**What is required**:
Reproduce everything from the line that contains "These silvery dangle" down to the line that contains "为深入推进垃圾分类宣传工作,增强社区居民" in the listing below, word for word and nothing more. Leave the pictures out.

**Input**:
[Start of section]

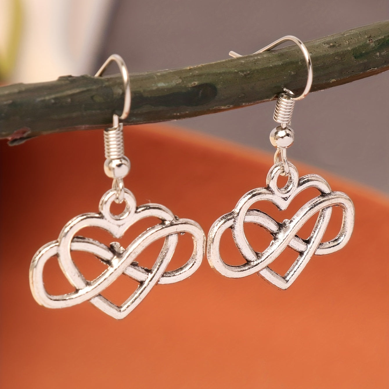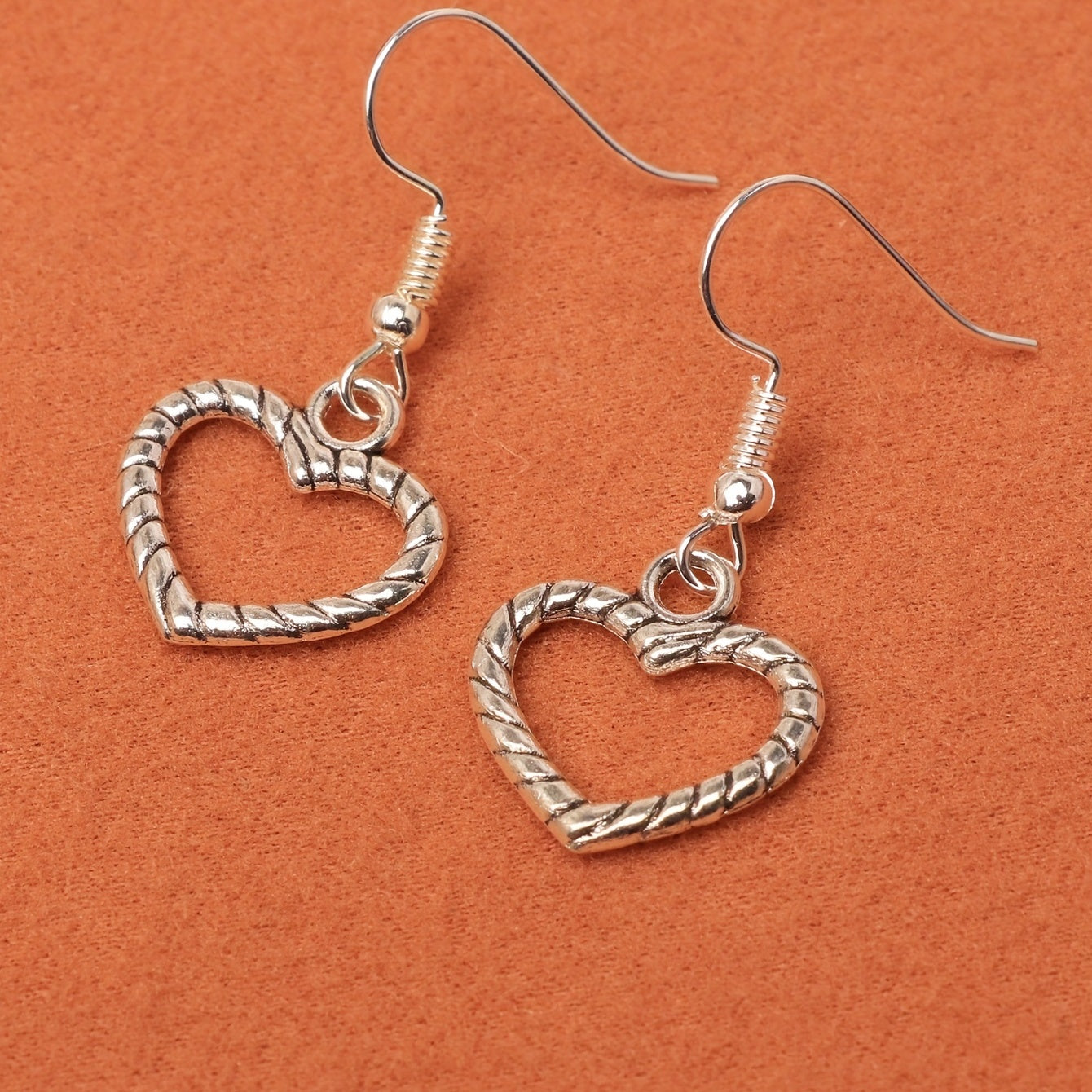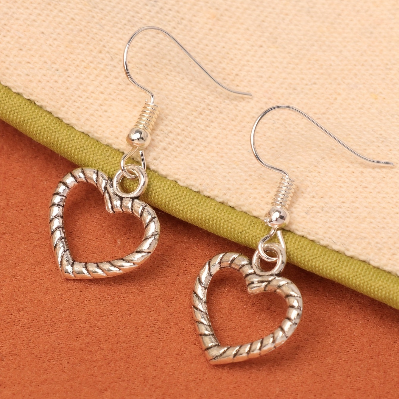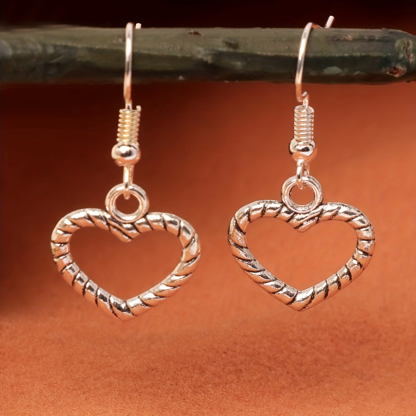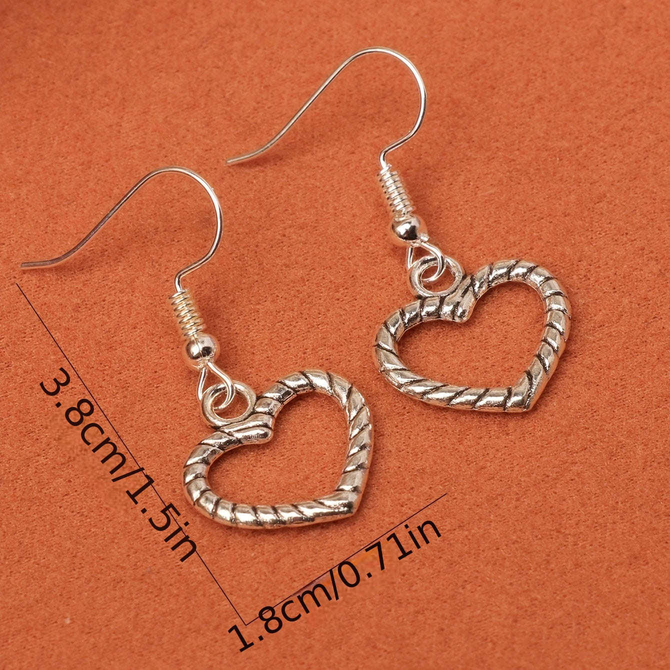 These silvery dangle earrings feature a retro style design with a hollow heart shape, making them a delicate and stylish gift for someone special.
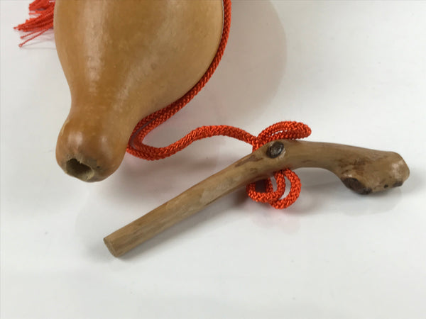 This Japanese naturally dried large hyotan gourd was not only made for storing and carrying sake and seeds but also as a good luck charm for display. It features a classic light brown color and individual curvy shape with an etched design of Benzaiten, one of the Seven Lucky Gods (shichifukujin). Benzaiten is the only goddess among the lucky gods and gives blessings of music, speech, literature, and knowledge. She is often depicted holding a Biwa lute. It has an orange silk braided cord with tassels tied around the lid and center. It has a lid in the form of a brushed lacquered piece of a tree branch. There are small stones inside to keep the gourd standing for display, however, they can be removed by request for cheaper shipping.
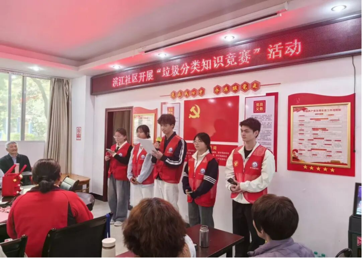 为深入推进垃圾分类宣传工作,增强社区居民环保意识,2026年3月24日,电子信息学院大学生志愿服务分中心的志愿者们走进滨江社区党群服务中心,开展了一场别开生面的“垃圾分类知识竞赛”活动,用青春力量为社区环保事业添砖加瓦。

[End of section]
[Start of section]

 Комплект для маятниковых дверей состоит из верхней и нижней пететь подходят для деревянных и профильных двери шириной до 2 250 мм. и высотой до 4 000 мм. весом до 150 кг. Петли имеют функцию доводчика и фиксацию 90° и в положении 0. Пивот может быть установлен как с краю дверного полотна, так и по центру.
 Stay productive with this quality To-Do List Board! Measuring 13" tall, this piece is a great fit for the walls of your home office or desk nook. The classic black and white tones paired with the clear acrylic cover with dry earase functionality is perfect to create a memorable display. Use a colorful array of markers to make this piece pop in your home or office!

[End of section]

**Answer to this problem**:
 These silvery dangle earrings feature a retro style design with a hollow heart shape, making them a delicate and stylish gift for someone special.
 This Japanese naturally dried large hyotan gourd was not only made for storing and carrying sake and seeds but also as a good luck charm for display. It features a classic light brown color and individual curvy shape with an etched design of Benzaiten, one of the Seven Lucky Gods (shichifukujin). Benzaiten is the only goddess among the lucky gods and gives blessings of music, speech, literature, and knowledge. She is often depicted holding a Biwa lute. It has an orange silk braided cord with tassels tied around the lid and center. It has a lid in the form of a brushed lacquered piece of a tree branch. There are small stones inside to keep the gourd standing for display, however, they can be removed by request for cheaper shipping.
 为深入推进垃圾分类宣传工作,增强社区居民环保意识,2026年3月24日,电子信息学院大学生志愿服务分中心的志愿者们走进滨江社区党群服务中心,开展了一场别开生面的“垃圾分类知识竞赛”活动,用青春力量为社区环保事业添砖加瓦。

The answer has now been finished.